- TASK TO CARRY OUT -
Begin at the line that holds "A distinctive jewellery" and copy each line exactly until the data below ends, including that last line but no pictures.

- SUPPLIED DATA -
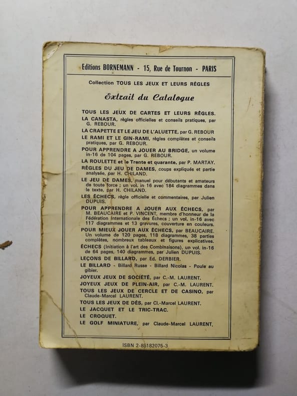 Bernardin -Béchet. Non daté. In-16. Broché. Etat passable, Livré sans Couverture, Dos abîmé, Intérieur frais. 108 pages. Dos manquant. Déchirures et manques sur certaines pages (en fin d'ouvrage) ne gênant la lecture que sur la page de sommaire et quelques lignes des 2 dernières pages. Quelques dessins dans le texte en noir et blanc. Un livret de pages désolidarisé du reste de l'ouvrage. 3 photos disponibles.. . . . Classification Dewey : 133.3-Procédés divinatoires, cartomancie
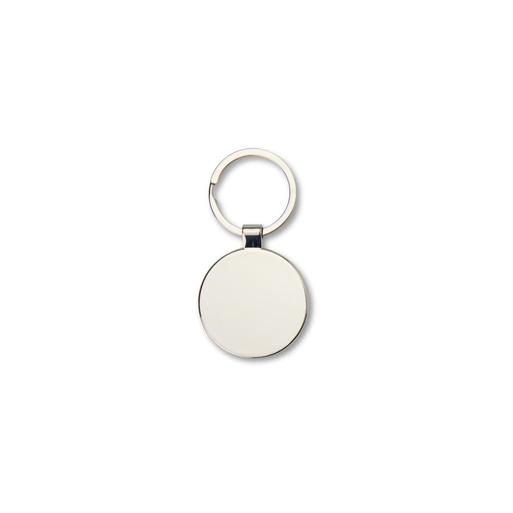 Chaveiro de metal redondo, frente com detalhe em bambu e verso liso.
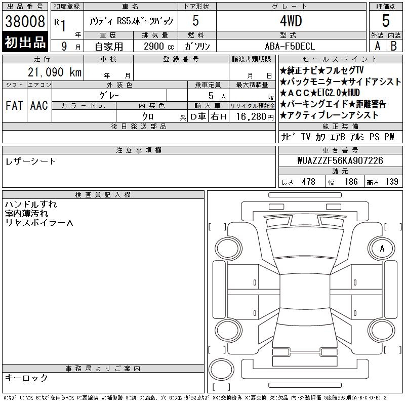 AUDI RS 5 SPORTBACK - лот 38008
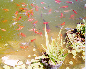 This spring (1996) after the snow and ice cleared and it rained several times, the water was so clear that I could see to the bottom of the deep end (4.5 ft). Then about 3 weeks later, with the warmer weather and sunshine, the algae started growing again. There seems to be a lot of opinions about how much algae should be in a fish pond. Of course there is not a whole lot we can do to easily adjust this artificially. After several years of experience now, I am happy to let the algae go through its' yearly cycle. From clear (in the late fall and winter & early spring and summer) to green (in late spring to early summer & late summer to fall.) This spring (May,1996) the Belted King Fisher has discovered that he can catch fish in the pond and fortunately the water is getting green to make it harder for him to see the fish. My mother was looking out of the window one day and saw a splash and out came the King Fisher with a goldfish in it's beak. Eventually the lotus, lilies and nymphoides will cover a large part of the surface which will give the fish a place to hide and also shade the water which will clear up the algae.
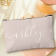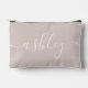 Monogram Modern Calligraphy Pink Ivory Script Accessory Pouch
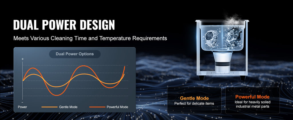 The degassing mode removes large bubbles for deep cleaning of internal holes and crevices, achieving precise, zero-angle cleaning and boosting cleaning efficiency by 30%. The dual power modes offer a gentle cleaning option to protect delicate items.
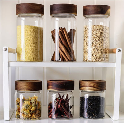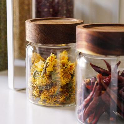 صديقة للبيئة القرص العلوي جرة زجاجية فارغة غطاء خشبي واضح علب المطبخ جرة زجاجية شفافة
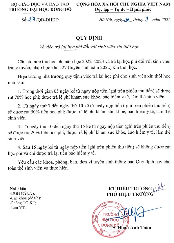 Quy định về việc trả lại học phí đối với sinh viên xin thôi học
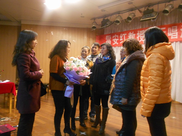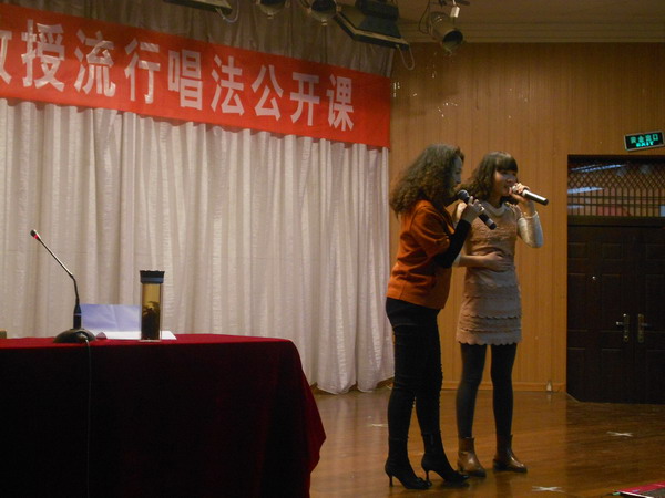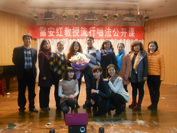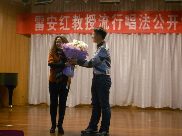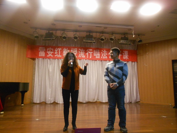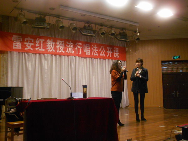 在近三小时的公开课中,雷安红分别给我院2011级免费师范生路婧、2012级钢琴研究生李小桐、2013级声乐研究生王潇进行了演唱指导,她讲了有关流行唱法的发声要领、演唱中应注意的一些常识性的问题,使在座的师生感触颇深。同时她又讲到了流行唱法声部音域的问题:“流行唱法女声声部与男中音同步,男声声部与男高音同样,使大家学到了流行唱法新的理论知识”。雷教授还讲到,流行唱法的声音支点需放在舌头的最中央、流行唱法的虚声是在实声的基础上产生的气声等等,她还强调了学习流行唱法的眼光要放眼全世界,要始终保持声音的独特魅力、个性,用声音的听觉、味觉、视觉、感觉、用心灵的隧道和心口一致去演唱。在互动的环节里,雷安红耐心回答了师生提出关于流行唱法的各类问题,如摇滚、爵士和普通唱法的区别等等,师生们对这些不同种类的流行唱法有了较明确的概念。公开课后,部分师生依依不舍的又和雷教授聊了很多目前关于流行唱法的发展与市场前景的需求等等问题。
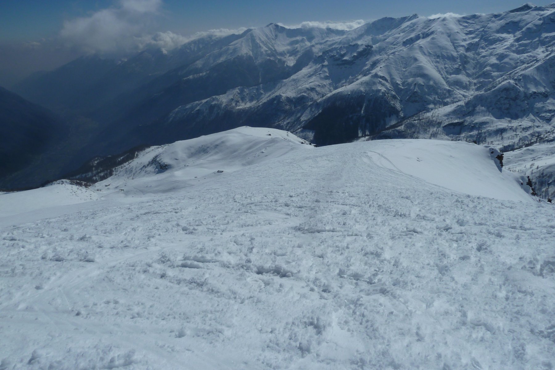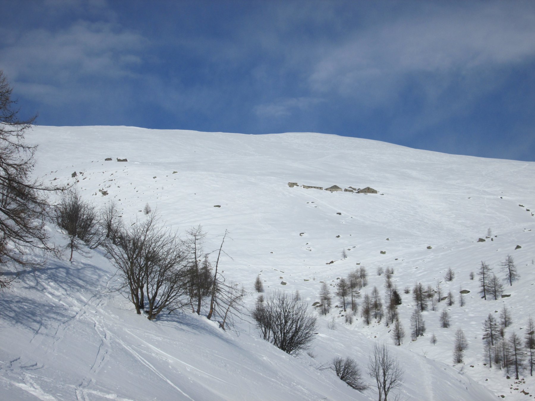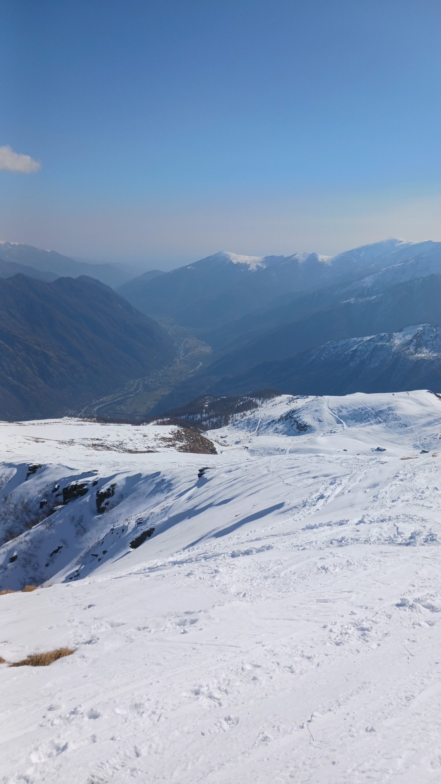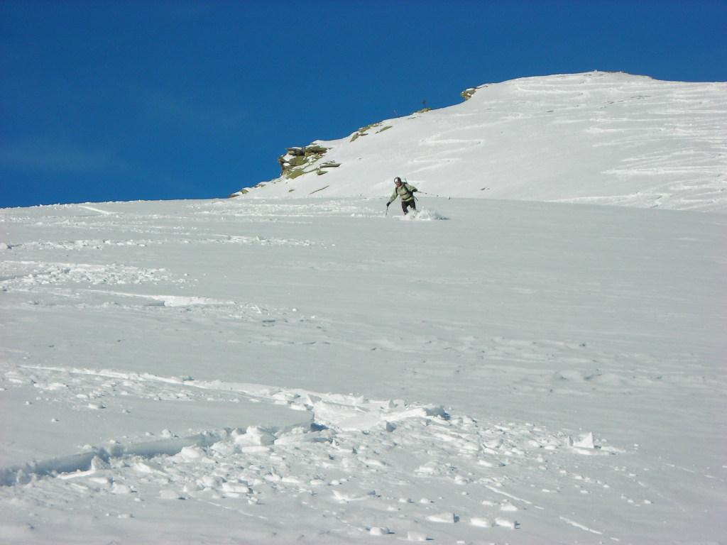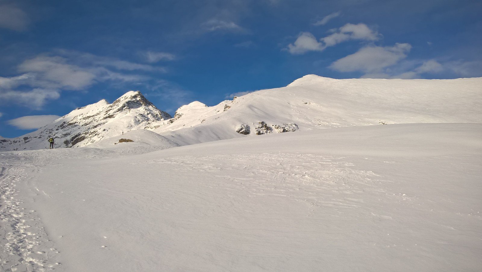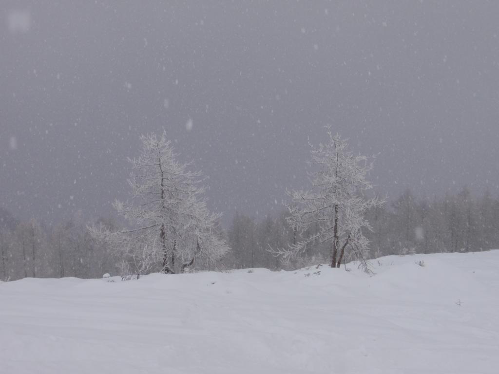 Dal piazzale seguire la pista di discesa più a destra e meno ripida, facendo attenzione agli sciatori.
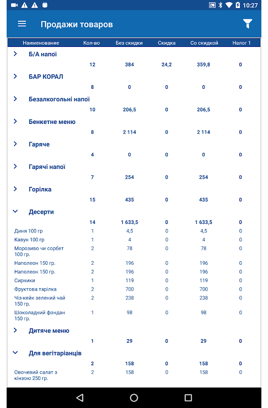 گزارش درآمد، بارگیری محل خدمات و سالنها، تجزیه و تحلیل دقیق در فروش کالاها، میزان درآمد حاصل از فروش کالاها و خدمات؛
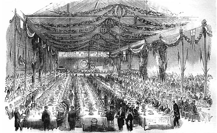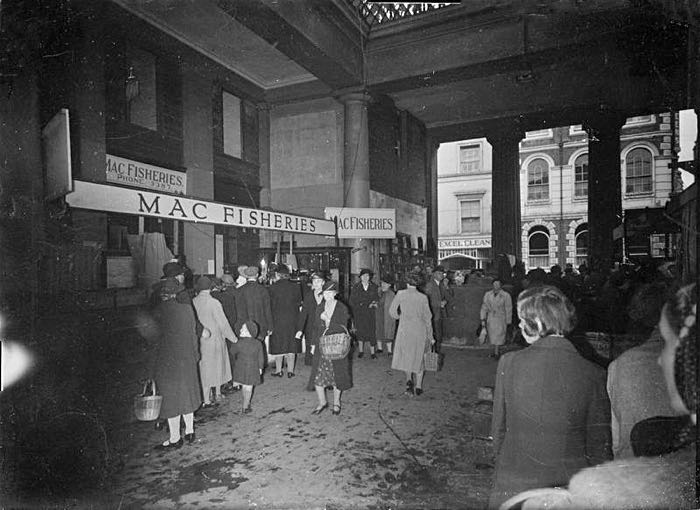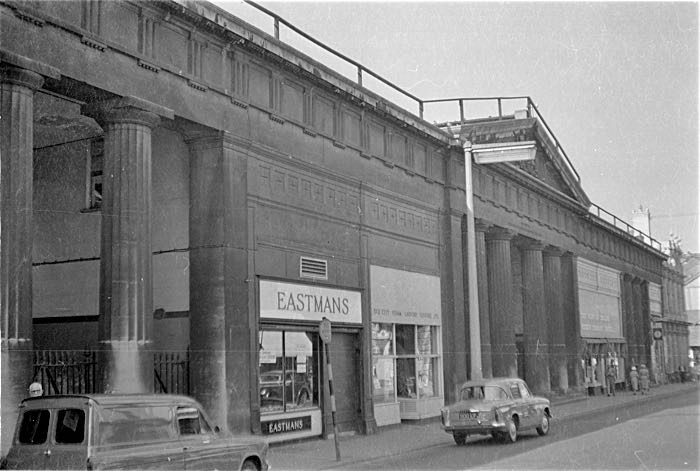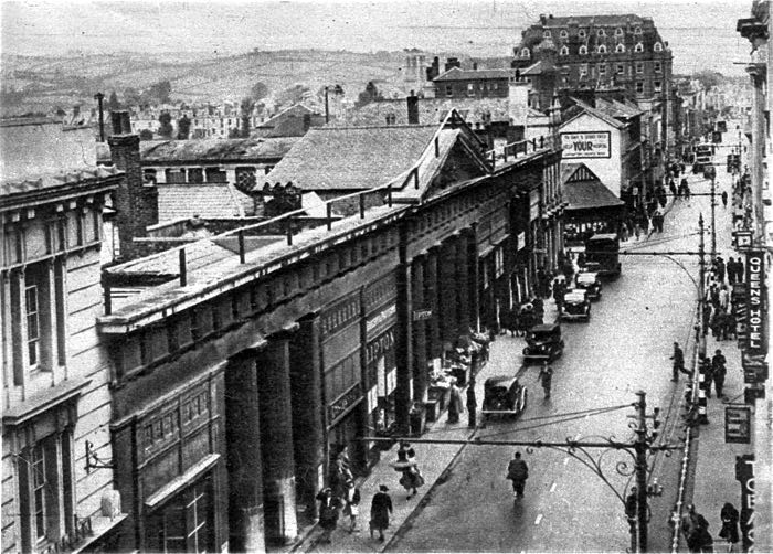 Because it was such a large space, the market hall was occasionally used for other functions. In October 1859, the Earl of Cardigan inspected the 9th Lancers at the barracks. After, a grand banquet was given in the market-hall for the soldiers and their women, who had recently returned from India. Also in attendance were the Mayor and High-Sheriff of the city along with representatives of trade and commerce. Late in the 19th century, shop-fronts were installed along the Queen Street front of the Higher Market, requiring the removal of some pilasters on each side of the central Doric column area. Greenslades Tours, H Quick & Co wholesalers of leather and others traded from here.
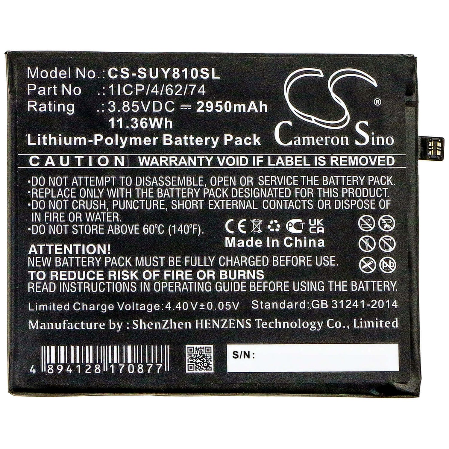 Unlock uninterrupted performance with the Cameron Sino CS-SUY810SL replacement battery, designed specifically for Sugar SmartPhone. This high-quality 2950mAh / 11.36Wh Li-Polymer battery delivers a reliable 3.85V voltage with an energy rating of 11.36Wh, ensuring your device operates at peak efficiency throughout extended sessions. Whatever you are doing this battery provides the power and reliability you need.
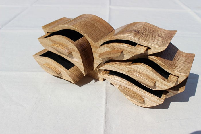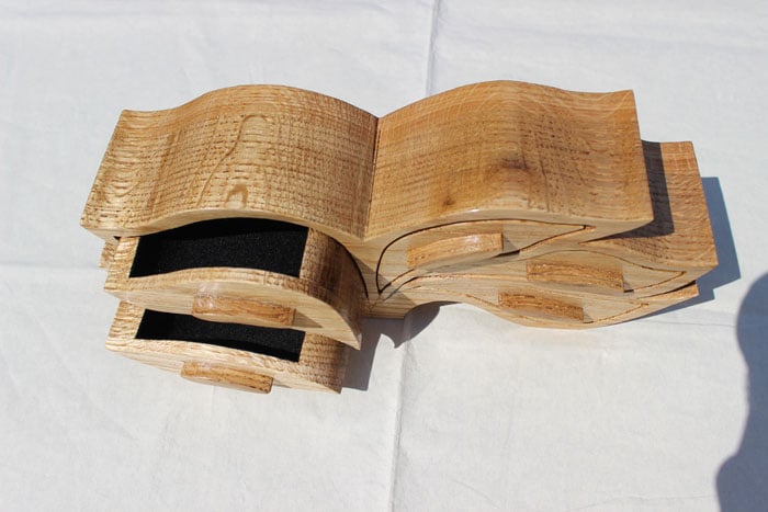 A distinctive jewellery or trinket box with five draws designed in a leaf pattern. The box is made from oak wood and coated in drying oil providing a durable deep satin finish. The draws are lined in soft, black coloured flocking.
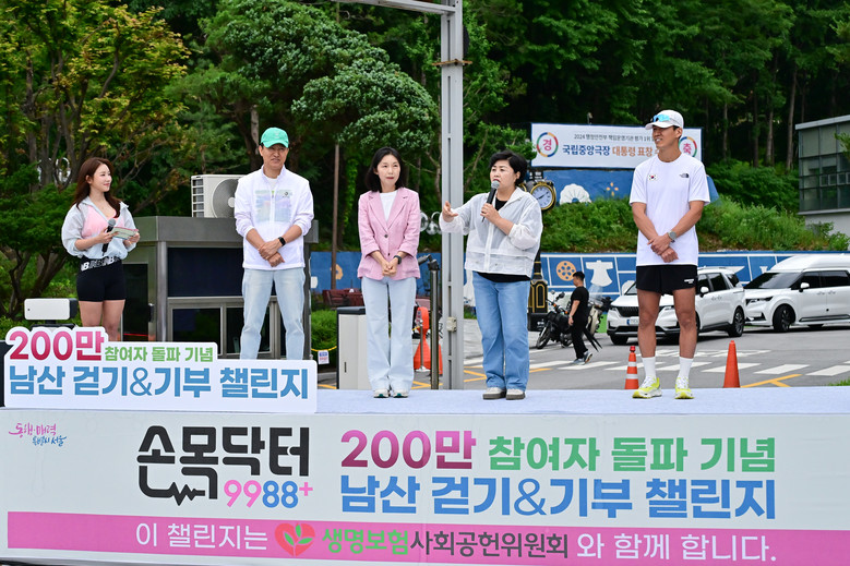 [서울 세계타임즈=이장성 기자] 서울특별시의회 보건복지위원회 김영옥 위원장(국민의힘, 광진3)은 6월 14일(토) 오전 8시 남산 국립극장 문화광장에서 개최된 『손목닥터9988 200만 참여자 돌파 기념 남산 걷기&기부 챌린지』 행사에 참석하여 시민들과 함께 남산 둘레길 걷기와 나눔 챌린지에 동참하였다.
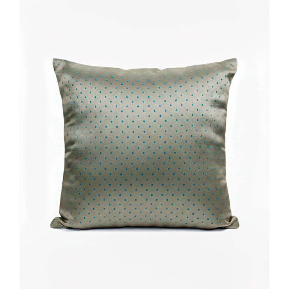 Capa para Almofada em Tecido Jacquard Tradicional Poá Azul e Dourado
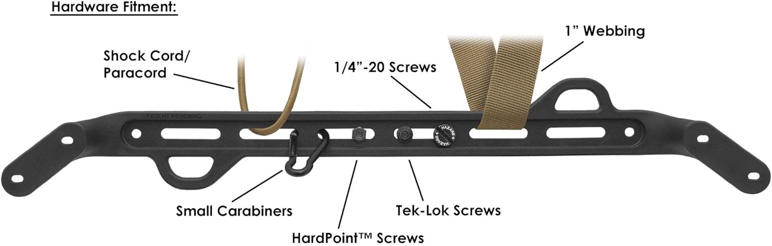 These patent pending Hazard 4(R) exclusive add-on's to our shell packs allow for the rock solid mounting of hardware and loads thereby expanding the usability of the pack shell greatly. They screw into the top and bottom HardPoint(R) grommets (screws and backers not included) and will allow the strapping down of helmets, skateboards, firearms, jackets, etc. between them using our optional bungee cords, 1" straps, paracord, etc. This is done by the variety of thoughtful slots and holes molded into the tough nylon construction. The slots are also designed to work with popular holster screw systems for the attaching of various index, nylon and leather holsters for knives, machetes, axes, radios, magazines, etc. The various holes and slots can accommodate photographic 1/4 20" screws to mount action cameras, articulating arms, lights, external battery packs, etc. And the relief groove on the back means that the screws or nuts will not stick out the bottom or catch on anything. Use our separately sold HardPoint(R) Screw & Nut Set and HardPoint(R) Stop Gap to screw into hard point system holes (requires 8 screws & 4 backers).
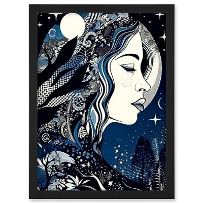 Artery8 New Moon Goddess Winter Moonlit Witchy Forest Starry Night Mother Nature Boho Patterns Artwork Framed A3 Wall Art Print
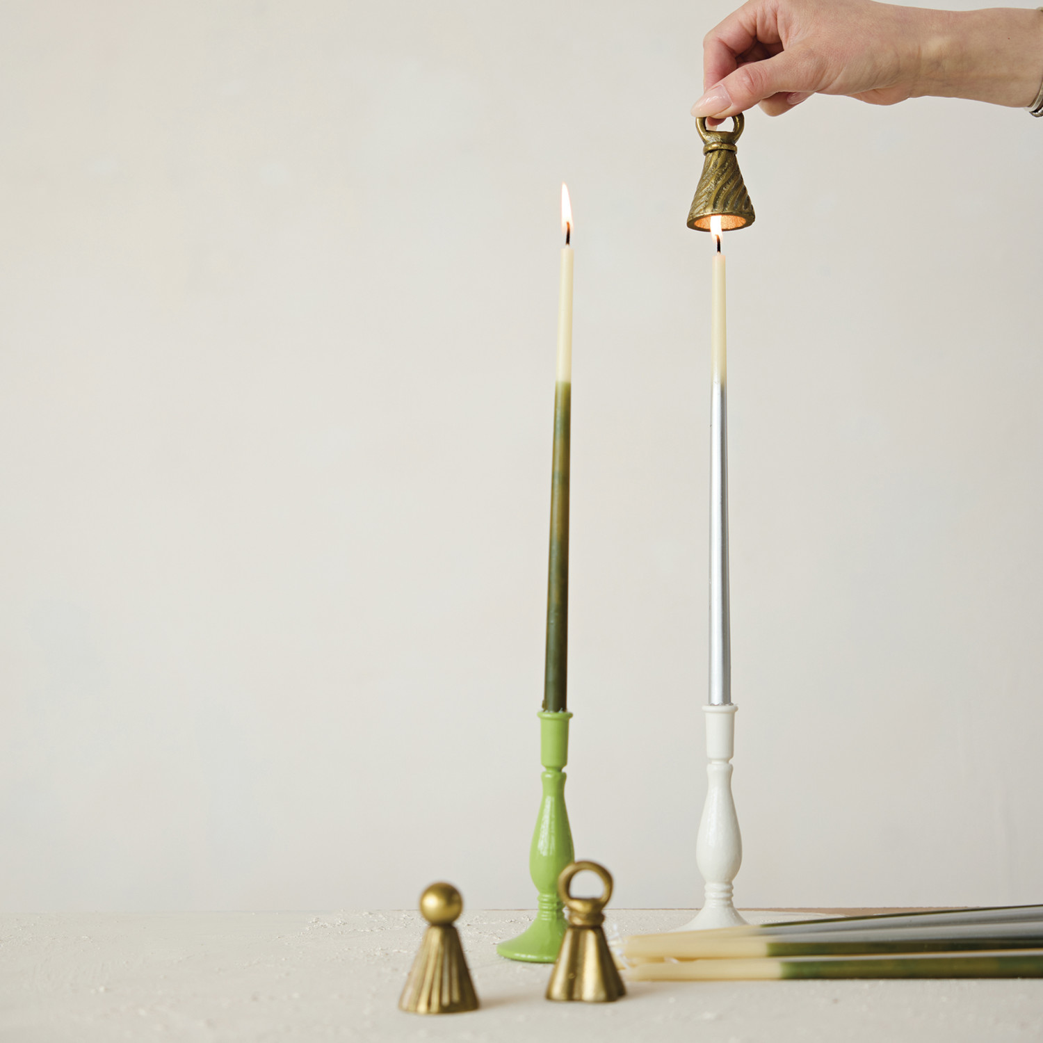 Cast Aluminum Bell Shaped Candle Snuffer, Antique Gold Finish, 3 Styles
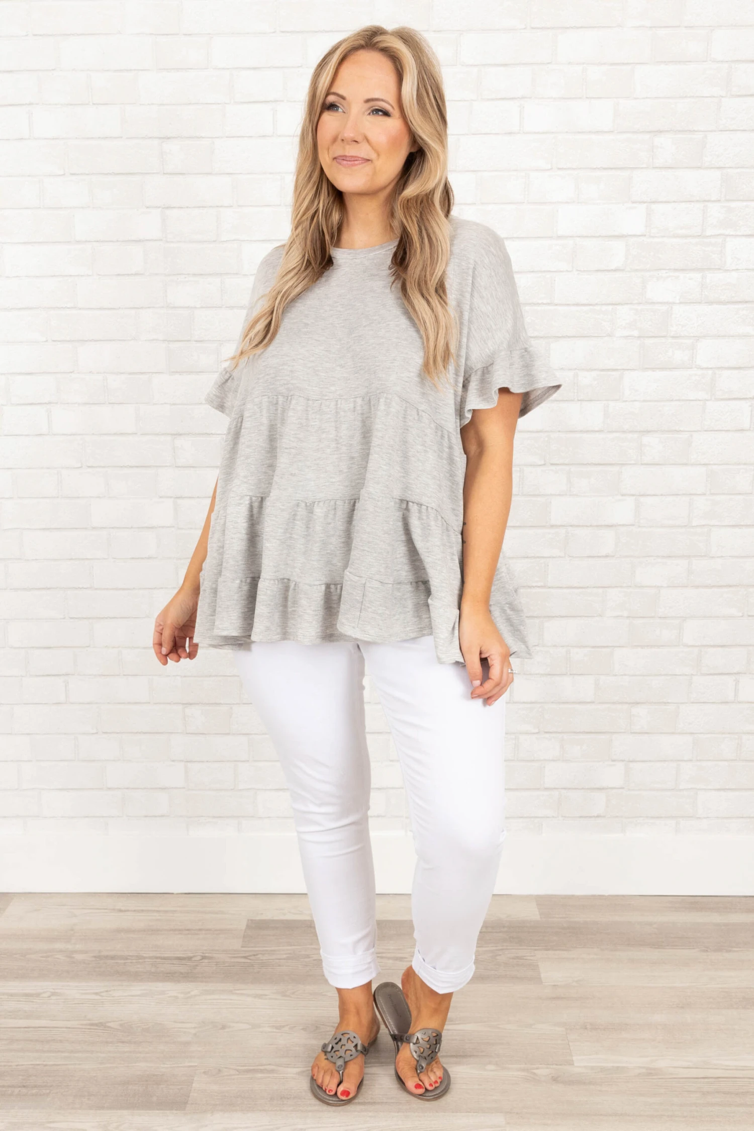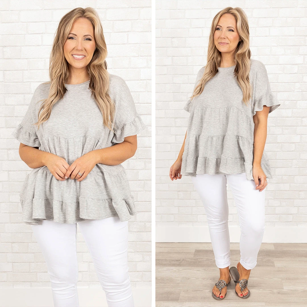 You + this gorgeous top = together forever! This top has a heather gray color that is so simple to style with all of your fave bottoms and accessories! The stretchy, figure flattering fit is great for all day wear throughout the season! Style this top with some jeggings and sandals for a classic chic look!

- SOLUTION -
 A distinctive jewellery or trinket box with five draws designed in a leaf pattern. The box is made from oak wood and coated in drying oil providing a durable deep satin finish. The draws are lined in soft, black coloured flocking.
 [서울 세계타임즈=이장성 기자] 서울특별시의회 보건복지위원회 김영옥 위원장(국민의힘, 광진3)은 6월 14일(토) 오전 8시 남산 국립극장 문화광장에서 개최된 『손목닥터9988 200만 참여자 돌파 기념 남산 걷기&기부 챌린지』 행사에 참석하여 시민들과 함께 남산 둘레길 걷기와 나눔 챌린지에 동참하였다.
 Capa para Almofada em Tecido Jacquard Tradicional Poá Azul e Dourado
 These patent pending Hazard 4(R) exclusive add-on's to our shell packs allow for the rock solid mounting of hardware and loads thereby expanding the usability of the pack shell greatly. They screw into the top and bottom HardPoint(R) grommets (screws and backers not included) and will allow the strapping down of helmets, skateboards, firearms, jackets, etc. between them using our optional bungee cords, 1" straps, paracord, etc. This is done by the variety of thoughtful slots and holes molded into the tough nylon construction. The slots are also designed to work with popular holster screw systems for the attaching of various index, nylon and leather holsters for knives, machetes, axes, radios, magazines, etc. The various holes and slots can accommodate photographic 1/4 20" screws to mount action cameras, articulating arms, lights, external battery packs, etc. And the relief groove on the back means that the screws or nuts will not stick out the bottom or catch on anything. Use our separately sold HardPoint(R) Screw & Nut Set and HardPoint(R) Stop Gap to screw into hard point system holes (requires 8 screws & 4 backers).
 Artery8 New Moon Goddess Winter Moonlit Witchy Forest Starry Night Mother Nature Boho Patterns Artwork Framed A3 Wall Art Print
 Cast Aluminum Bell Shaped Candle Snuffer, Antique Gold Finish, 3 Styles
 You + this gorgeous top = together forever! This top has a heather gray color that is so simple to style with all of your fave bottoms and accessories! The stretchy, figure flattering fit is great for all day wear throughout the season! Style this top with some jeggings and sandals for a classic chic look!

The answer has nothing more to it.